International Manual

Controlled Foreign Companies: The CFC Charge Gateway Chapter 3 - Determining which (if any) of Chapters 4 to 8 apply: Does Chapter 4 apply?: Conditions A to D: Condition A

TIOPA10/S371CA(2) Condition A

Condition A is met if the CFC does not, at any time in the accounting period, hold assets or bear risks under an arrangement that has all of the following characteristics:

  • the main purpose, or one of the main purposes, of the arrangement is to reduce or eliminate any liability of any person to UK tax or duty and the consequence of the arrangement is that at any time the CFC expects its business to be more profitable (other than negligibly so) than it would otherwise be; and
  • the arrangement gives rise to an expectation that one or more persons will have liabilities to tax or duty imposed under the law of any territory reduced or eliminated and it is reasonable to suppose that the arrangement would not have been made if there was not that expectation.
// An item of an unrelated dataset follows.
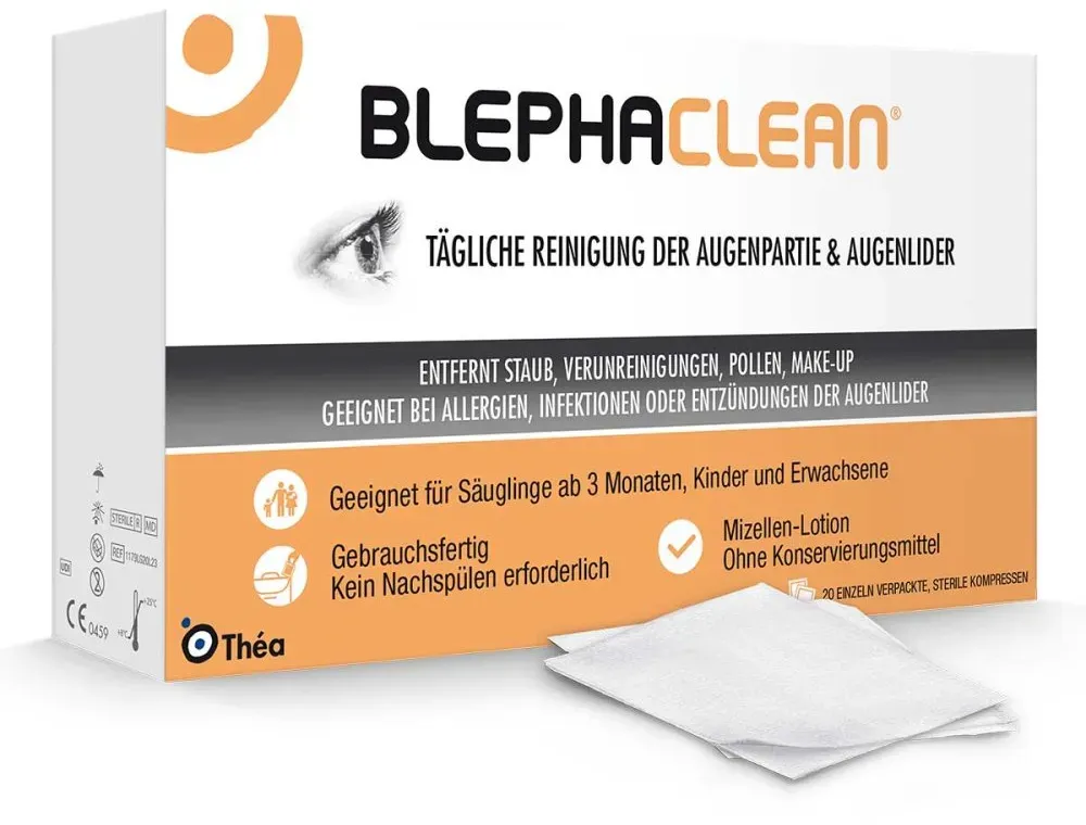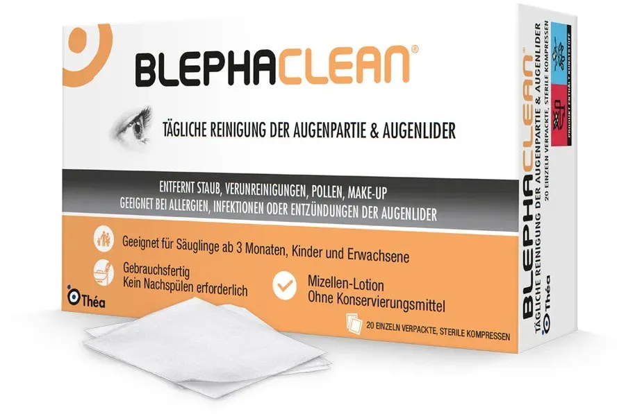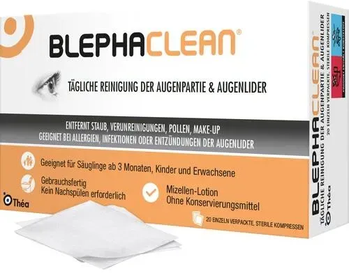 0,42 /St - Kategorie: Kompressen & Verbände - THEA PHARMA GMBH - GTIN:4150036583902 - PZN:03658390 - Blephaclean Kompressen zur Lidreinigung 20 Stück 20 St - rezeptfrei - von Thea Pharma GmbH - Kompressen - 20 St - 8,38 Euro bei DocMorris Apotheke - gefunden von billiger.de Dieses Angebot für 20 konservierungsmittelfreie Blephaclean Augenlid-Reinigungstücher ist mit 8,60 Euro eine gute und verträgliche Option. ![]() ![]() Blephaclean Augenlid - sterile Reinigungstücher eBay (20 Tücher) KONSERVIERUNGSMITTELFREI TROCKENES AUGE

Looking at the second part of Condition A, if as a matter of fact an arrangement under which the CFC holds assets or bears risks has been made with a clear objective expectation of commercial non-tax benefits arising from the arrangement, and these benefits are clearly sufficient on their own for the arrangement to have been adopted, then the condition will be met. The consideration of this point is not necessarily confined to the accounting period in question; for example, the commercial benefits of the arrangement may materialise over a period of time but they should be quantifiable.

In contrast, where the potential for a tax benefit is significant, it will be necessary to consider critically whether the commercial benefit is sufficient to make the arrangement imperative without the tax benefit; i.e. would the commercial non-tax benefit have driven the same arrangement without the accompanying tax benefit. The reference to elimination or reduction of tax or duty here is with reference to tax or duty imposed under the law of any territory and this is consistent with the way that the “economic value” exclusion at TIOPA10/S371DD works (see INTM200600) by excluding all tax effects from the consideration of the commercial rationale behind the arrangement.

If Condition A is met, Chapter 4 does not need to be considered (see example 4 at INTM197390).

If Condition A is not met, then the further Conditions B, C, and D may apply before it is necessary to consider the detailed provisions of Chapter 4 (see example 5 at INTM197400).

‘Arrangement’ has a wide meaning as can be seen at INTM248100.